• _Material to process_:
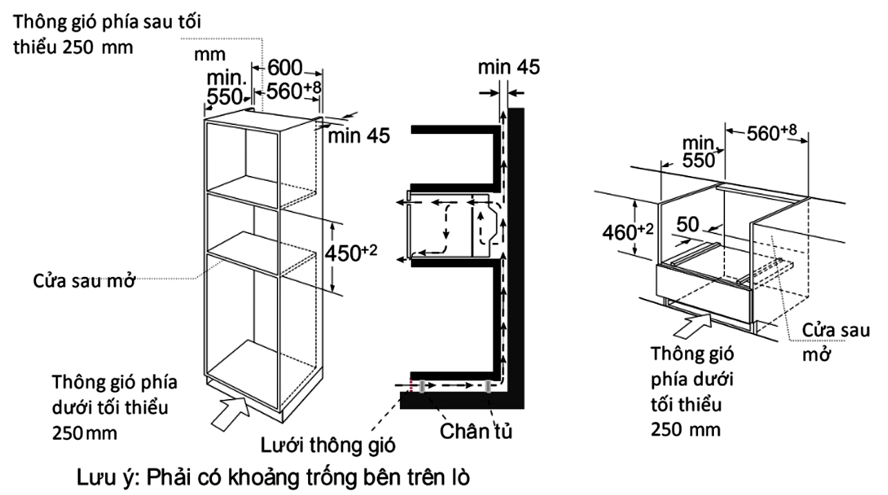 - Lưu ý: Chừa khe thoát giờ tối thiểu 45mm
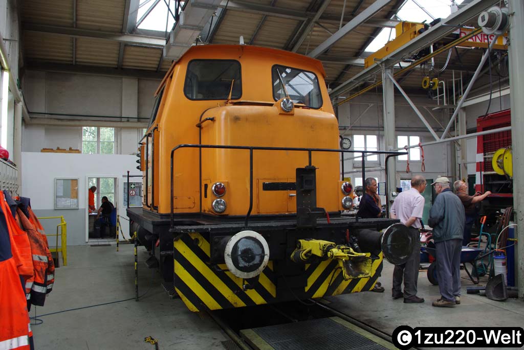 Blick in die Werkstatt   ex. DR V100 der Hessischen Güterbahn   Die Warnweste steht Karl-Heinz gut
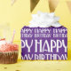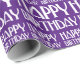 Encerre seus presentes neste Livro de Aniversário Feliz da Arte Púrpura. Ele apresenta uma fonte de deco na moda de arte branca contra um fundo roxo escuro. Este papel clássico de embrulho é um presente divertido para qualquer um.
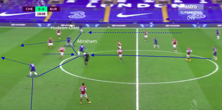 所以伪9号是个不错的解决方式。这也是图赫尔在执教球队的第二场比赛中给予亚布拉罕的职责。在球场上,亚布拉罕常常会回撤接应传球,而两个边路攻击手则会同时插上。
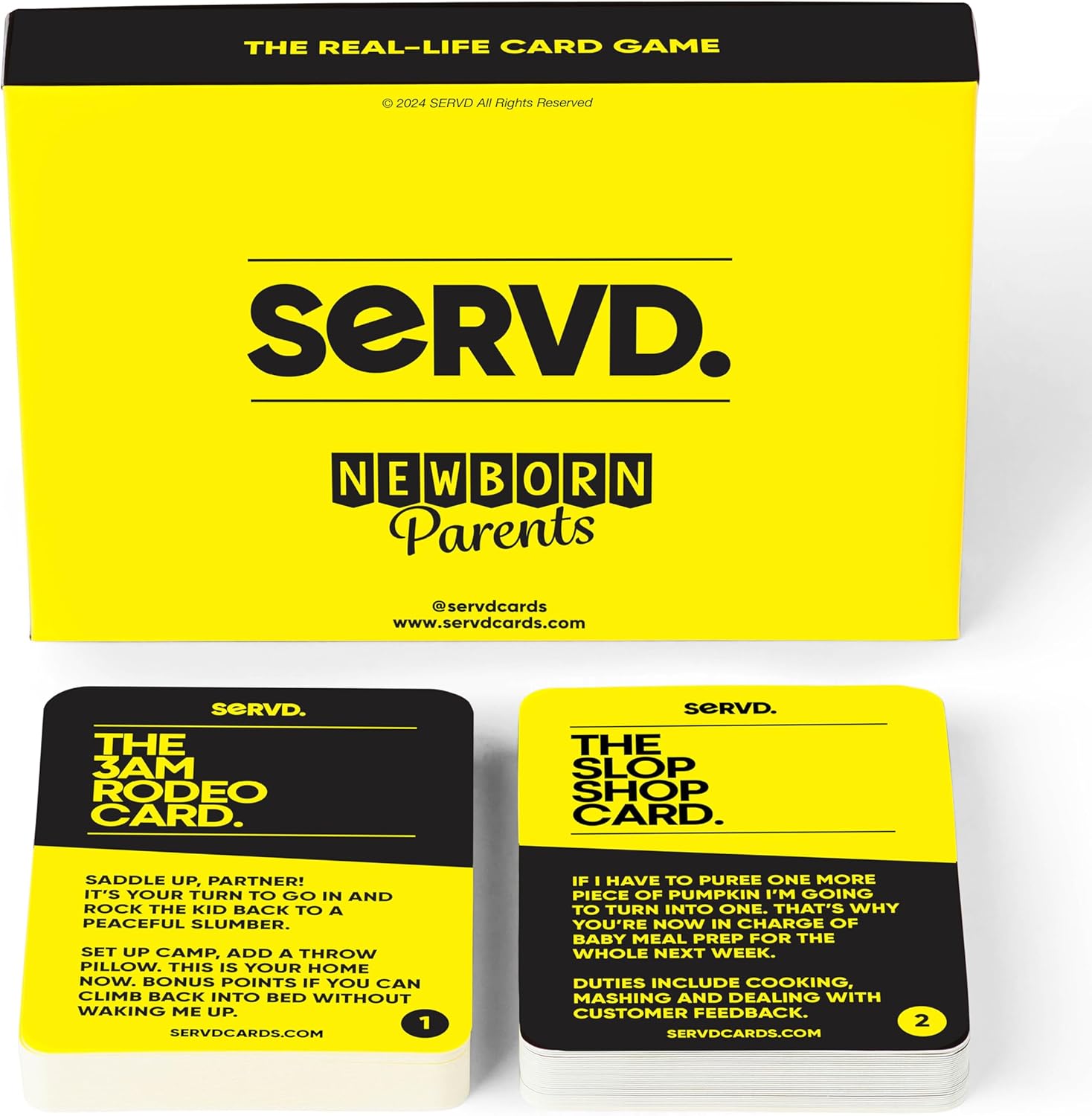 A must have game for new parents SERVD Newborns gamifies everything you could possibly think of when it comes to being a sleep deprived, exhausted and sometimes overwhelmed new parent, ensuring couples come out the other end not only stronger but also with a bunch of new, hilarious memories.
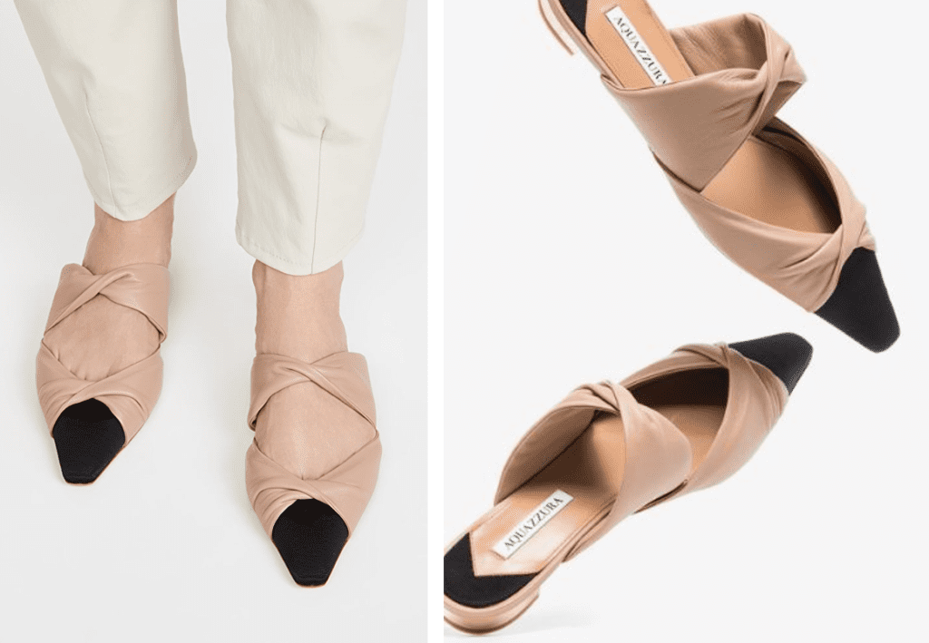 AQUAZZURA Twist Flat leather mules 雙色平底穆勒鞋

• _What you have to do_: Word for word, set down the lines from the line with "Encerre seus presentes" through the last line of the entries, and nothing else; the pictures stay out.

• _Result of the task_:
 Encerre seus presentes neste Livro de Aniversário Feliz da Arte Púrpura. Ele apresenta uma fonte de deco na moda de arte branca contra um fundo roxo escuro. Este papel clássico de embrulho é um presente divertido para qualquer um.
 所以伪9号是个不错的解决方式。这也是图赫尔在执教球队的第二场比赛中给予亚布拉罕的职责。在球场上,亚布拉罕常常会回撤接应传球,而两个边路攻击手则会同时插上。
 A must have game for new parents SERVD Newborns gamifies everything you could possibly think of when it comes to being a sleep deprived, exhausted and sometimes overwhelmed new parent, ensuring couples come out the other end not only stronger but also with a bunch of new, hilarious memories.
 AQUAZZURA Twist Flat leather mules 雙色平底穆勒鞋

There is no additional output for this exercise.